Dispondrás de una biblioteca de recursos didácticos disponibles las 24 horas del día y con materiales didácticos que destacan por su excelsa calidad. ¿A qué esperas para inscribirte?”

Especialización en Automatización de Procesos Financieros y Gestión de Riesgos con Inteligencia Artificial

La automatización de procesos financieros y la gestión de riesgos son áreas clave en el mundo empresarial actual, donde la eficiencia y la precisión son fundamentales para el éxito. La implementación de inteligencia artificial en estas funciones no solo optimiza los procesos, sino que también proporciona herramientas para tomar decisiones informadas. El Especialización en Automatización de Procesos Financieros y Gestión de Riesgos con Inteligencia Artificial de TECH Universidad está diseñado para capacitar a los profesionales en estas competencias críticas. Este programa ofrece clases online que permiten a los participantes aprender desde cualquier lugar, adaptando el estudio a su propio ritmo. A lo largo del curso, te familiarizarás con las técnicas más avanzadas de automatización y las herramientas de inteligencia artificial que están revolucionando el sector financiero. Desde la optimización de procesos de auditoría hasta la identificación y gestión de riesgos, adquirirás conocimientos que te permitirán implementar soluciones efectivas en entornos empresariales dinámicos.
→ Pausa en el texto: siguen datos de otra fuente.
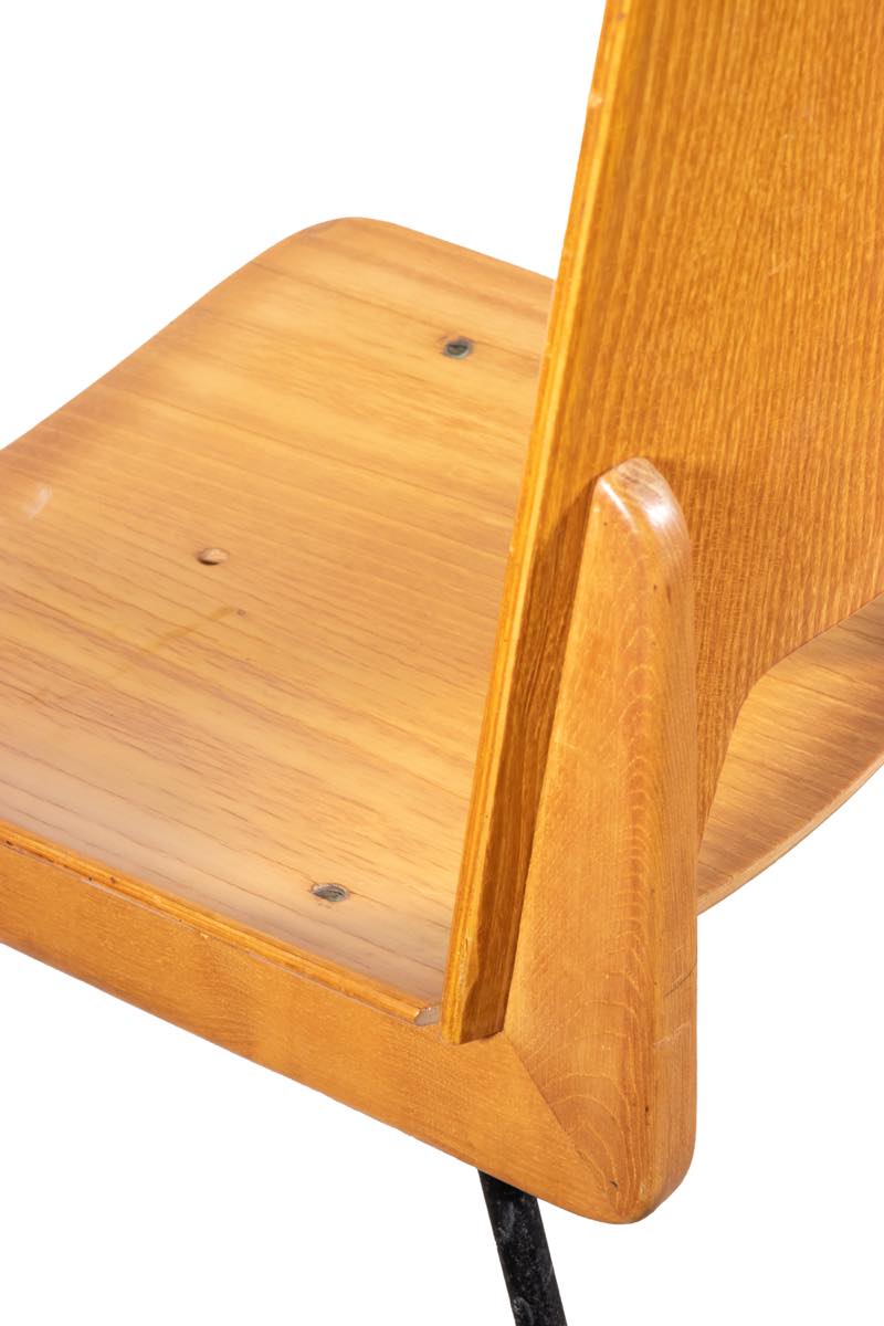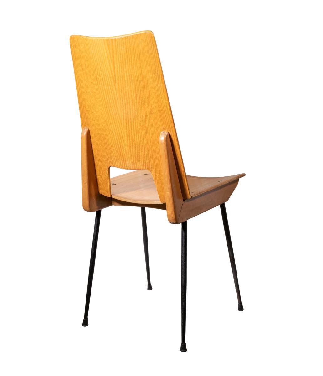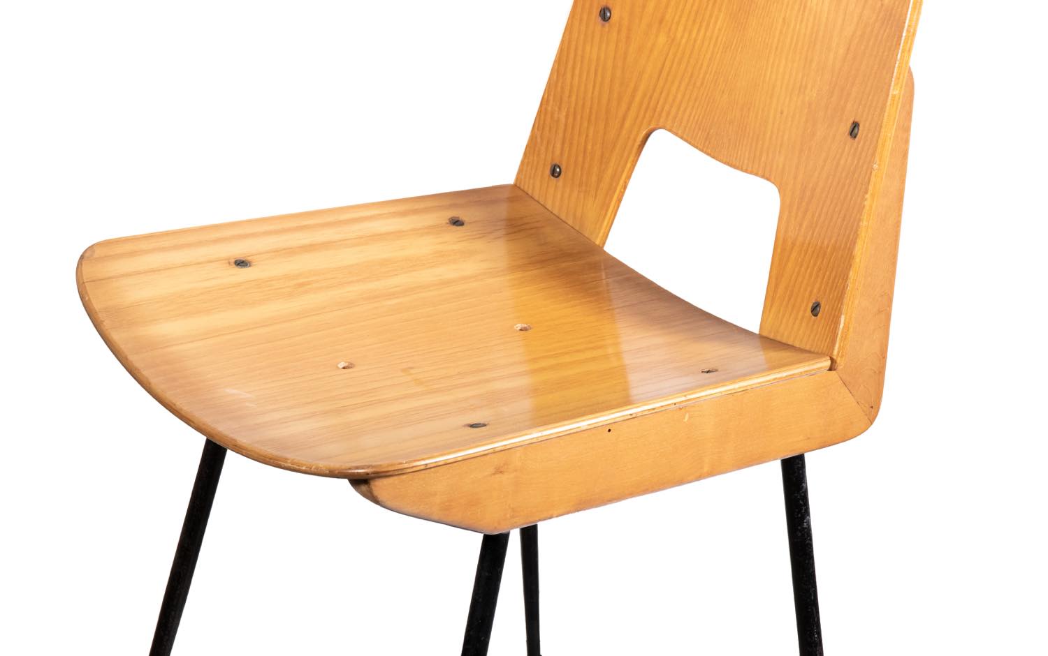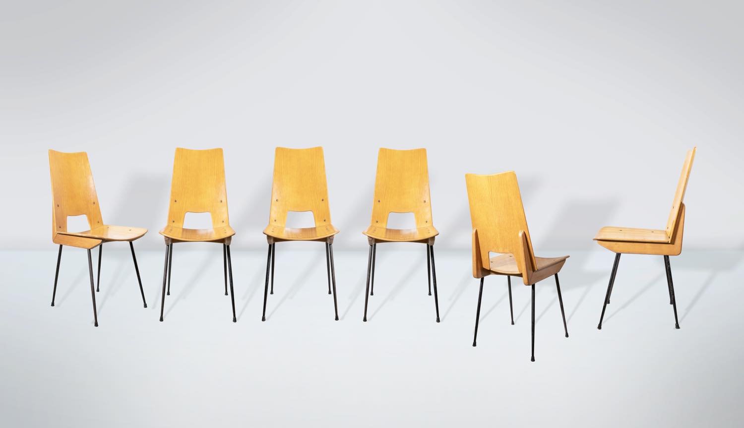 Un set di sei sedie per Legni Curvati realizzate in compensato di betulla e metallo nero.
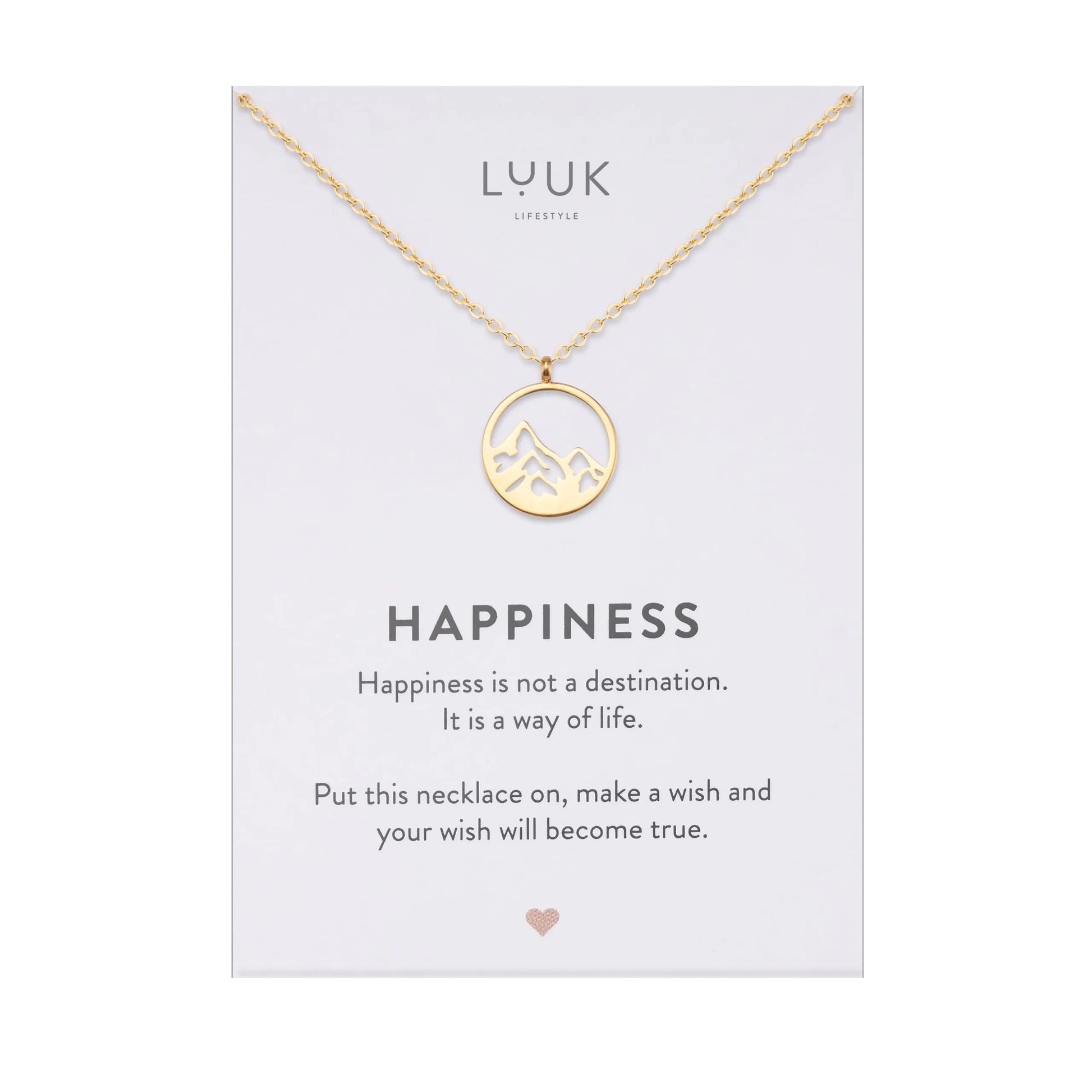 LUUK LIFESTYLE Gold Mountain Peak Necklace with Coin Pendant & Happiness Card
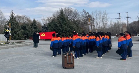 春风拂过苍松翠柏,烈士纪念碑巍然矗立。活动现场,全体师生、干部在陵园广场整齐列队,少先队员佩戴红领巾,手持白菊花束,神情庄重肃穆。社区代表与少先队员共同向烈士纪念碑敬献花篮,全体人员默哀一分钟,深切悼念为民族独立、人民解放献出生命的英雄儿女。
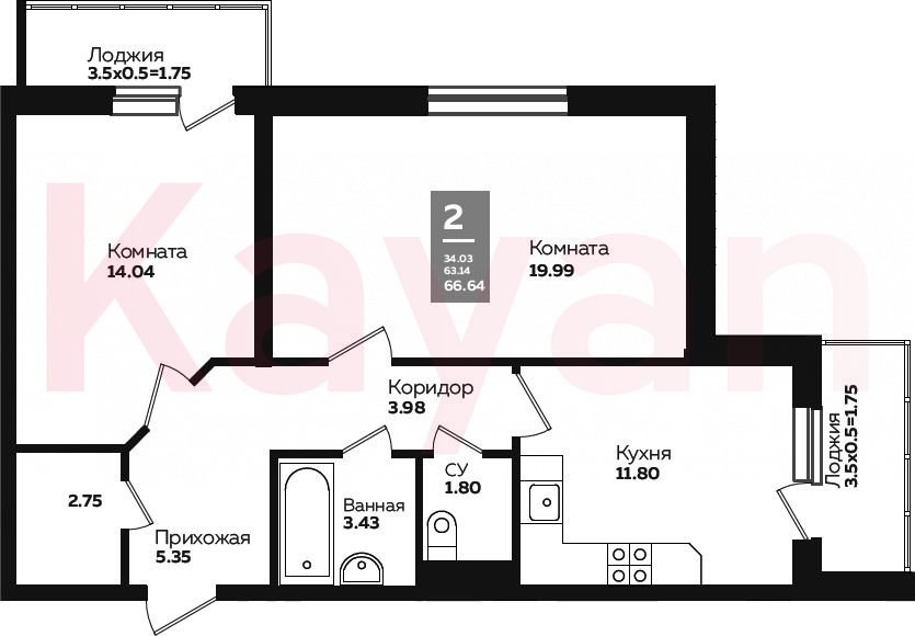 Продажа 2-комн. квартиры, 60.2 кв.м
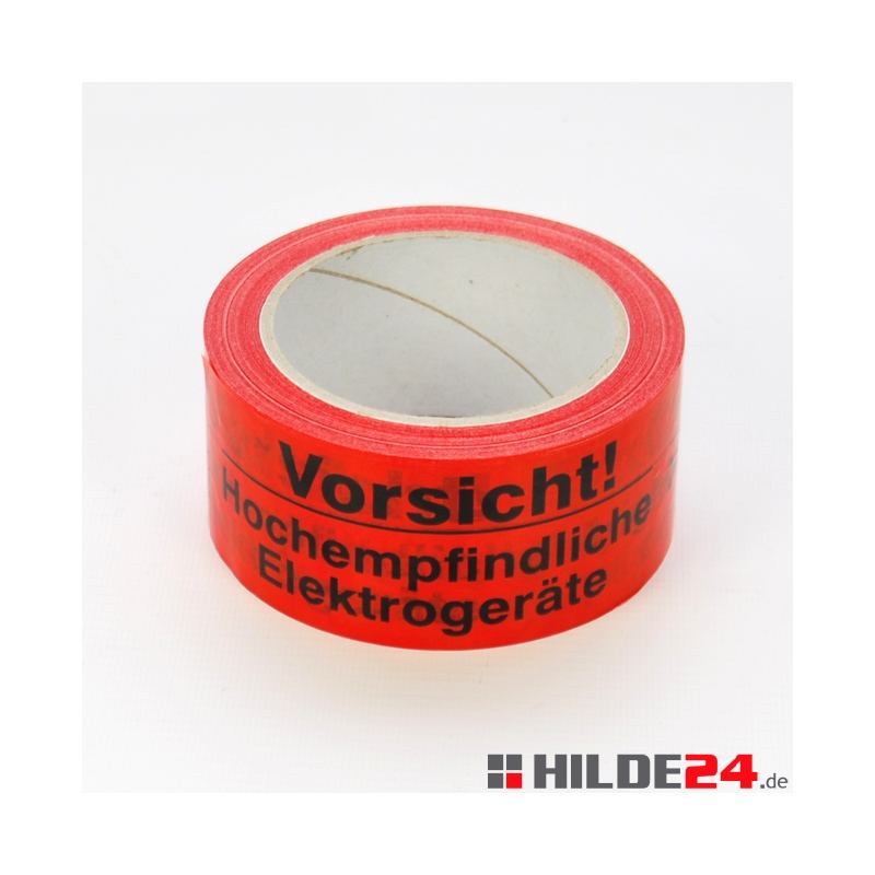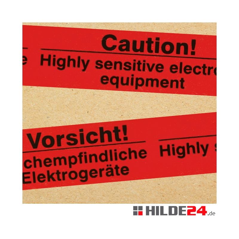 เทปเตือนภัยพีวีซี 50 มม. X 66 ม. ม้วน สีแดงพิมพ์ลายดำ คำว่า ระวัง! อุปกรณ์อิเล็กทรอนิกส์ที่มีความไวสูง ผลิตในเยอรมนีและอังกฤษ ทำจาก PE HDPE
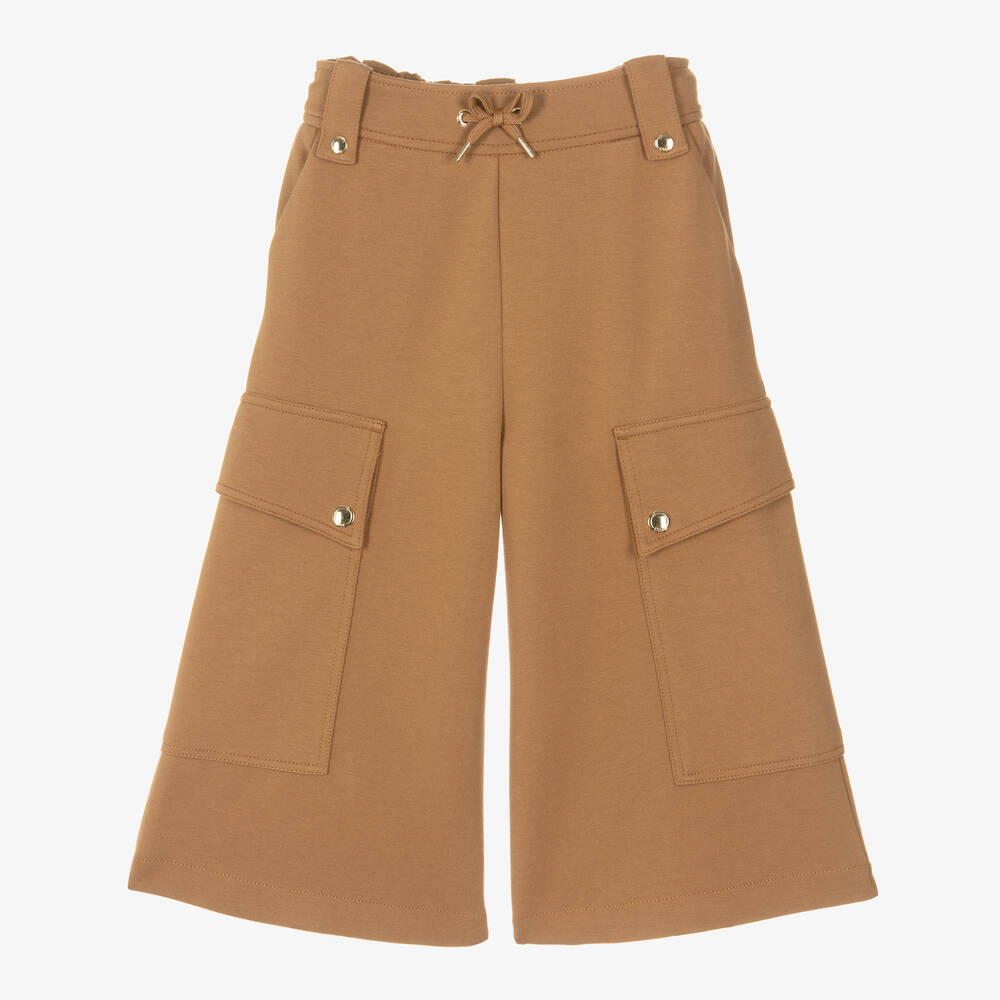 Casual brown culottes for girls by luxury brand Chloé. In a cool cargo style, they are made from soft mid-weight cotton and viscose blend Milano jersey and have deep patch pockets on the legs with gold logo-embossed poppers. They have slanted front pockets and gold, branded details on the elasticated drawstring waist, with belt loops and an embroidered logo on the back for a signature finish.

Domina la IA para optimizar finanzas y riesgos

TECH Universidad se distingue por su enfoque en la práctica, asegurando que los participantes no solo comprendan la teoría detrás de la automatización y la gestión de riesgos, sino que también sean capaces de aplicar estos conceptos en situaciones reales. El programa incluye casos de estudio y proyectos que simulan escenarios del mundo real, lo que facilitará tu transición al entorno laboral. Al finalizar el programa, estarás preparado para enfrentar los desafíos de la automatización en finanzas, así como para desarrollar estrategias de gestión de riesgos basadas en inteligencia artificial. La capacitación que recibirás te permitirá añadir valor a tu organización, mejorando la eficiencia operativa y minimizando riesgos potenciales. Con el respaldo de TECH Universidad, una institución reconocida por su excelencia educativa, tendrás la confianza necesaria para avanzar en tu carrera y destacar en un campo tan competitivo como el de los negocios. Aprovecha y matricúlate hoy mismo.